Leave out the pictures and restate the rest of the data exactly.
═══ RECORDED DATA
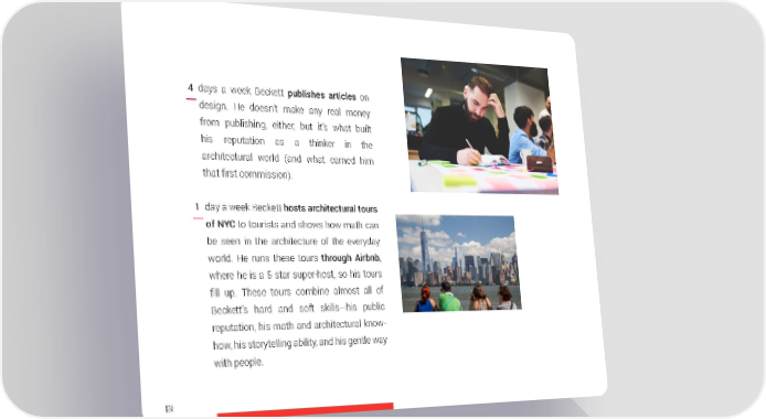 4 days a week Beckett publishes articles on design. He doesn’t make any real money from publishing, either, but it’s what built his reputation as a thinker in the architectural world (and what earned him that first commission). 1 day a week Beckett hosts architectural tours of NYC to tourists and shows how math can be seen in the architecture of the everyday world. He runs these tours through Airbnb, where he is a 5 star super-host, so his tours fill up. These tours combine almost all of Beckett’s hard and soft skills—his public reputation, his math and architectural know- how, his storytelling ability, and his gentle way with people. 124
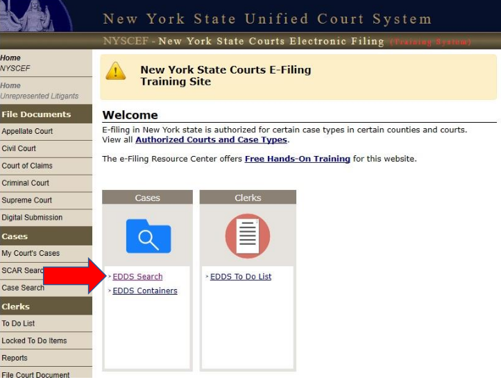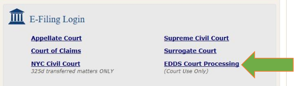 Go to the NYSCEF website and click the EDDS Court Processing link.
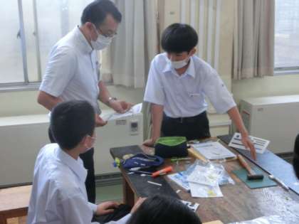 7月8日(水) 授業風景 公開日 2020/07/08 更新日 2020/07/08 全学年 上段は、1年の技術です。運動を変化させる仕組みを制作しています。 中段は、2年男子の体育です。バスケットボールを学習しています。 下段は、3年の数学です。素因数分解について学習しました。
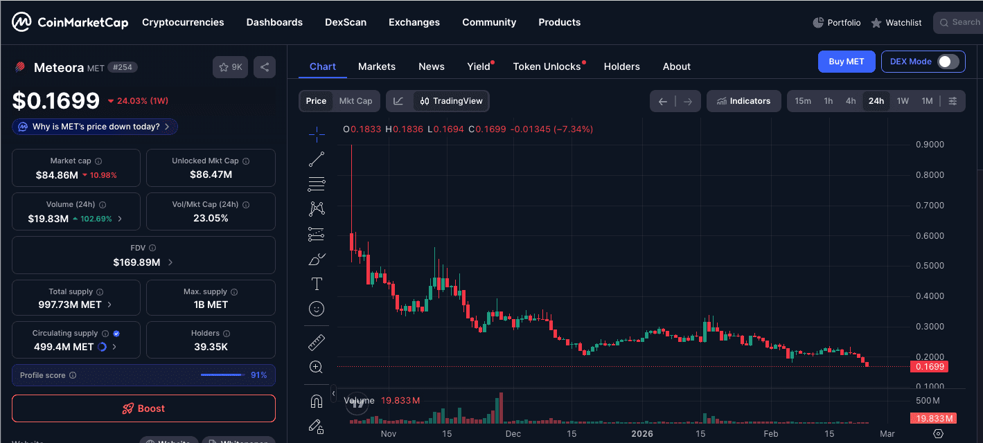 El mercado de criptomonedas atraviesa actualmente un periodo de intensa observación. Al momento de redactar este informe, Meteora (MET) cotiza a $0.1699, lo que representa una caída del 24.03% en la última semana. Es relevante señalar que el volumen de operaciones en 24 horas ha aumentado más de un 102%, alcanzando $19.83M, lo que sugiere una fuerte presión vendedora y movimiento acelerado de capital mientras el mercado reacciona a informes externos próximos.
══════
▶ _ANSWER BELOW_
 4 days a week Beckett publishes articles on design. He doesn’t make any real money from publishing, either, but it’s what built his reputation as a thinker in the architectural world (and what earned him that first commission). 1 day a week Beckett hosts architectural tours of NYC to tourists and shows how math can be seen in the architecture of the everyday world. He runs these tours through Airbnb, where he is a 5 star super-host, so his tours fill up. These tours combine almost all of Beckett’s hard and soft skills—his public reputation, his math and architectural know- how, his storytelling ability, and his gentle way with people. 124
 Go to the NYSCEF website and click the EDDS Court Processing link.
 7月8日(水) 授業風景 公開日 2020/07/08 更新日 2020/07/08 全学年 上段は、1年の技術です。運動を変化させる仕組みを制作しています。 中段は、2年男子の体育です。バスケットボールを学習しています。 下段は、3年の数学です。素因数分解について学習しました。
 El mercado de criptomonedas atraviesa actualmente un periodo de intensa observación. Al momento de redactar este informe, Meteora (MET) cotiza a $0.1699, lo que representa una caída del 24.03% en la última semana. Es relevante señalar que el volumen de operaciones en 24 horas ha aumentado más de un 102%, alcanzando $19.83M, lo que sugiere una fuerte presión vendedora y movimiento acelerado de capital mientras el mercado reacciona a informes externos próximos.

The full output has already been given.